▶ _Aim of the exercise_:
Go through the listing below and repeat it exactly, dropping the pictures.

_ _ _ _ _ _ _

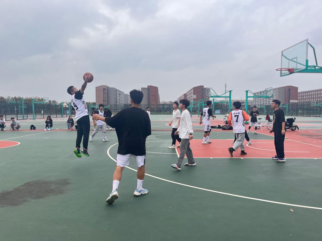 伴随开场清脆的哨音,双方队员奋力拼搏,他们身手矫健,传球、运球、上篮、扣球动作运用自如,比赛战况扣人心弦,一次次精彩绝伦的进球,一次次热烈的欢呼加油,把比赛推向了高潮。微凉的秋风抵挡不了同学们的热情,他们在赛场上挥洒汗水,宛如燃烧不尽的青春火焰。随着裁判员一声长哨响起,比赛圆满结束。
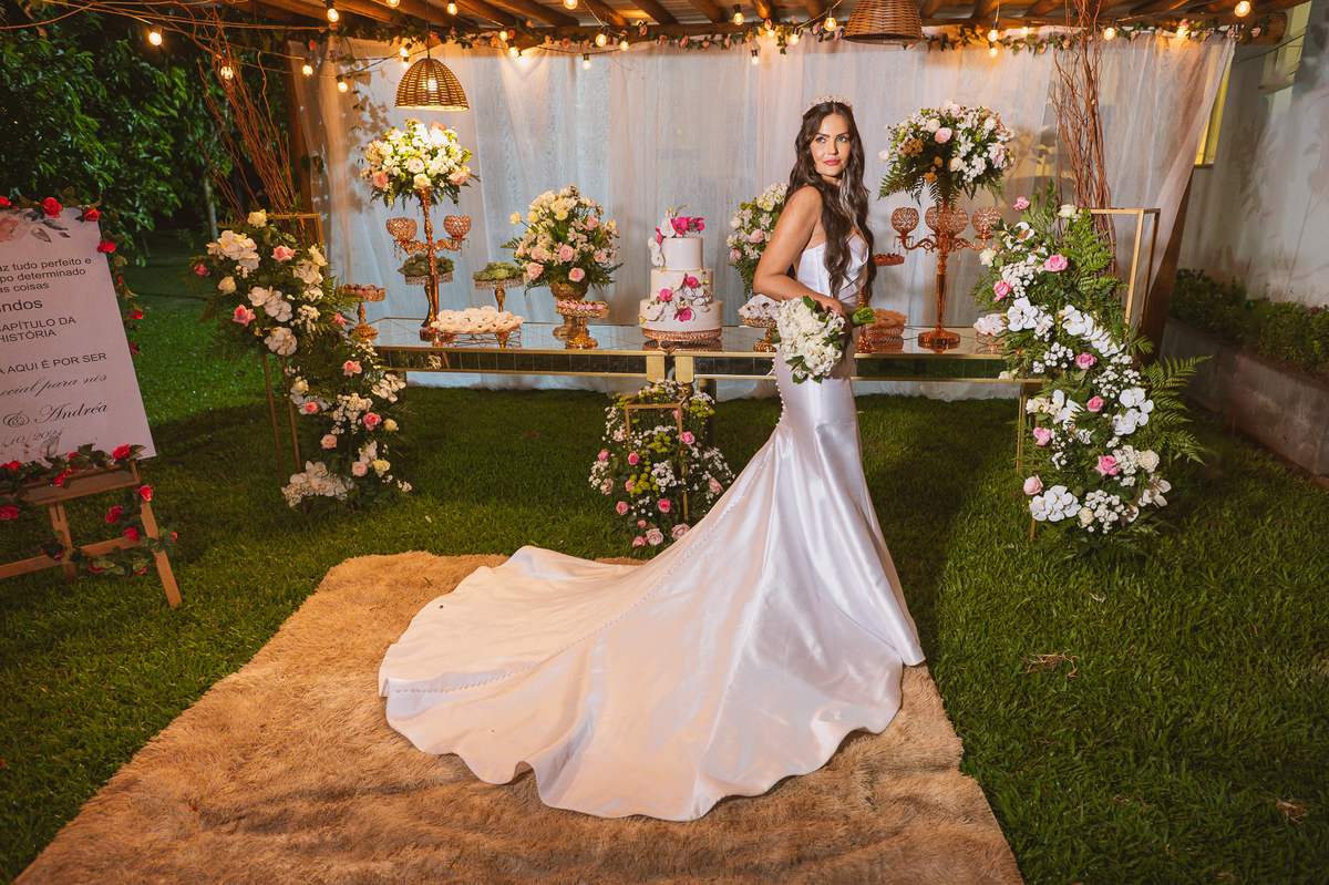 Hoje estamos com a difícil tarefa de contar tudo o que aconteceu nesse casamento lindo de Andréa e Junio. Eles escolheram a chácara São Bento para ser o palco da união deles perante Deus e suas testemunhas. Chegamos no local e vimos uma decoração lindíssima. A mesa do bolo repleta de luzes e muitos docinhos. Como estava arriscando chover, por debaixo das tendas as cadeiras todas posicionadas aguardando seus respectivos donos. Pessoal da cozinha estava a todo vapor finalizando os últimos detalhes. Junio chegou poucos minutos depois e com seu traje impecável aguardava a chegada dos convidados.
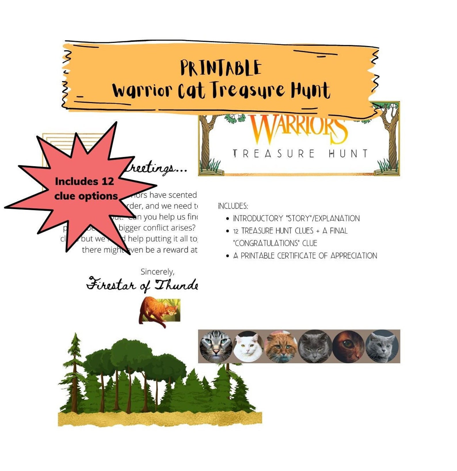 Warrior Cat Treasure Hunt Printable – Party Scavenger Game (Instant Download PDF)
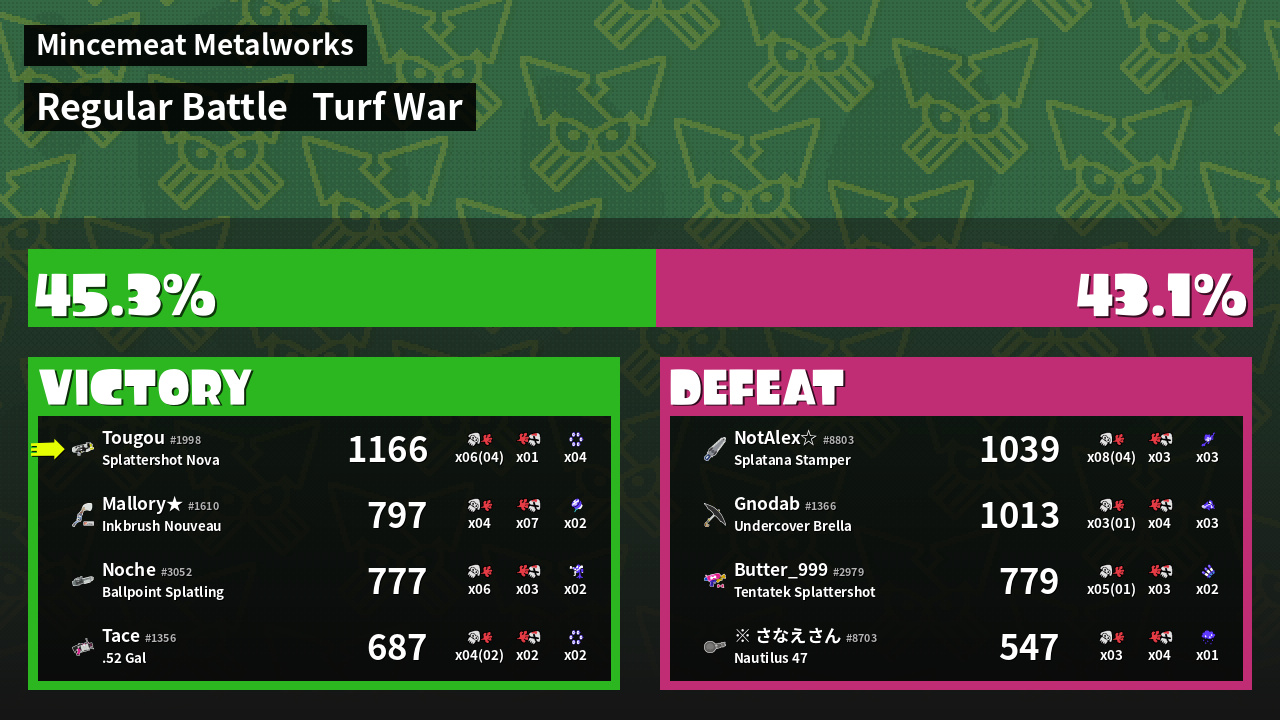 | Mode | Turf War - Regular Battle | ||
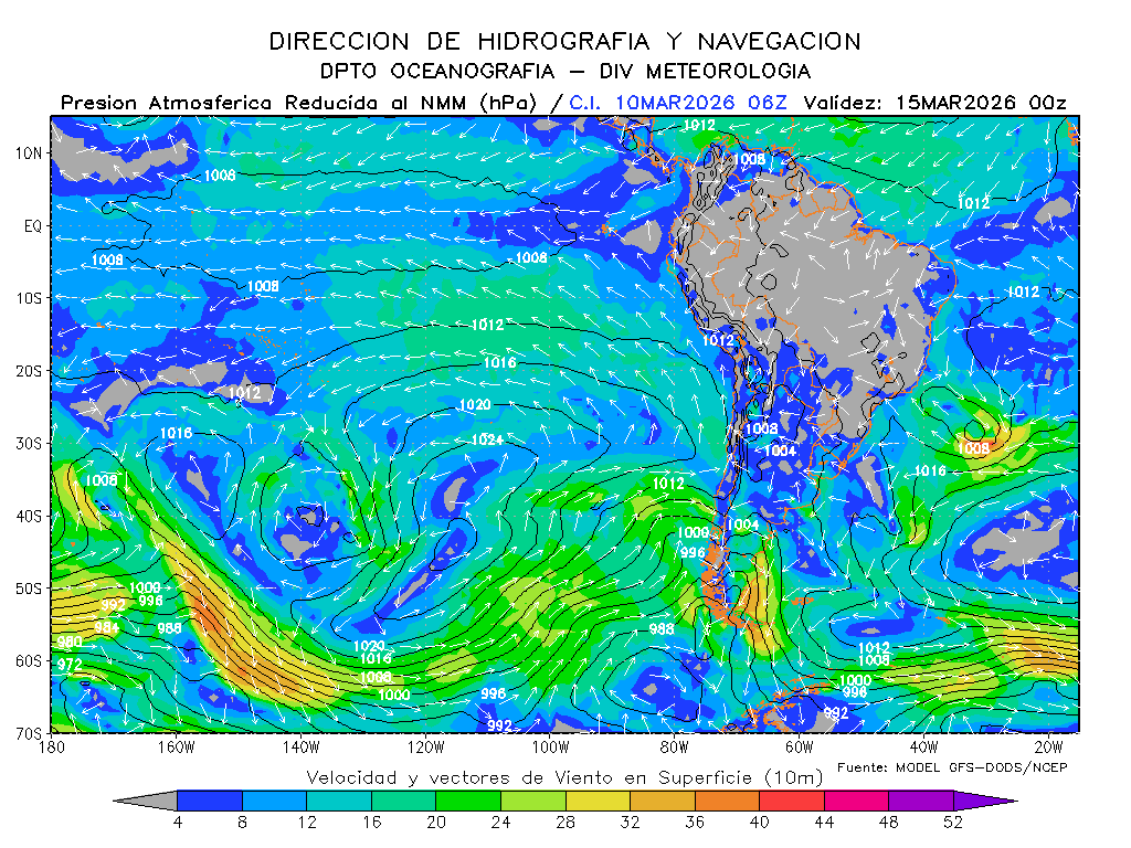 El modelo GFS-DODS/NCEP muestra que los vientos del sureste disminuirían la intensidad de su magnitud frente a la costa sur para los próximos días, se mantendrían frente a la costa norte e incrementaría frente a la centro, presentándose por debajo de lo normal frente a la costa centro de Perú y por debajo de lo normal frente a la norte y sur. El anticiclón del Pacífico sur tendría una composición zonal con un desarrollo con dirección noreste y manteniendo su intensidad, esperándose dentro de su normal y en posición ligeramente al oeste de su normal.
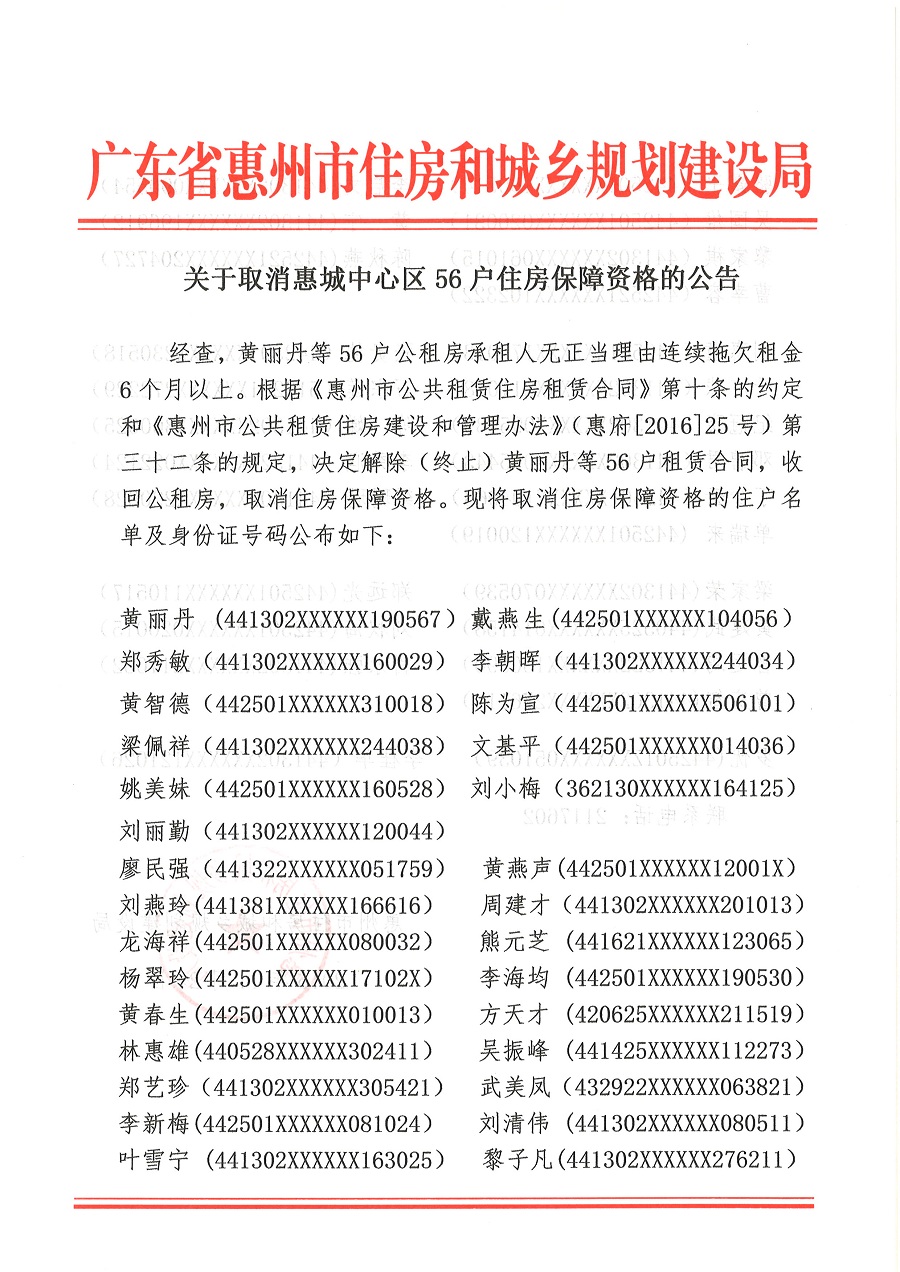 關(guān)于取消惠城中心區(qū)56戶住房保障資格的公告

_ _ _ _ _ _ _

▶ _Result of this exercise_:
 伴随开场清脆的哨音,双方队员奋力拼搏,他们身手矫健,传球、运球、上篮、扣球动作运用自如,比赛战况扣人心弦,一次次精彩绝伦的进球,一次次热烈的欢呼加油,把比赛推向了高潮。微凉的秋风抵挡不了同学们的热情,他们在赛场上挥洒汗水,宛如燃烧不尽的青春火焰。随着裁判员一声长哨响起,比赛圆满结束。
 Hoje estamos com a difícil tarefa de contar tudo o que aconteceu nesse casamento lindo de Andréa e Junio. Eles escolheram a chácara São Bento para ser o palco da união deles perante Deus e suas testemunhas. Chegamos no local e vimos uma decoração lindíssima. A mesa do bolo repleta de luzes e muitos docinhos. Como estava arriscando chover, por debaixo das tendas as cadeiras todas posicionadas aguardando seus respectivos donos. Pessoal da cozinha estava a todo vapor finalizando os últimos detalhes. Junio chegou poucos minutos depois e com seu traje impecável aguardava a chegada dos convidados.
 Warrior Cat Treasure Hunt Printable – Party Scavenger Game (Instant Download PDF)
 | Mode | Turf War - Regular Battle | ||
 El modelo GFS-DODS/NCEP muestra que los vientos del sureste disminuirían la intensidad de su magnitud frente a la costa sur para los próximos días, se mantendrían frente a la costa norte e incrementaría frente a la centro, presentándose por debajo de lo normal frente a la costa centro de Perú y por debajo de lo normal frente a la norte y sur. El anticiclón del Pacífico sur tendría una composición zonal con un desarrollo con dirección noreste y manteniendo su intensidad, esperándose dentro de su normal y en posición ligeramente al oeste de su normal.
 關(guān)于取消惠城中心區(qū)56戶住房保障資格的公告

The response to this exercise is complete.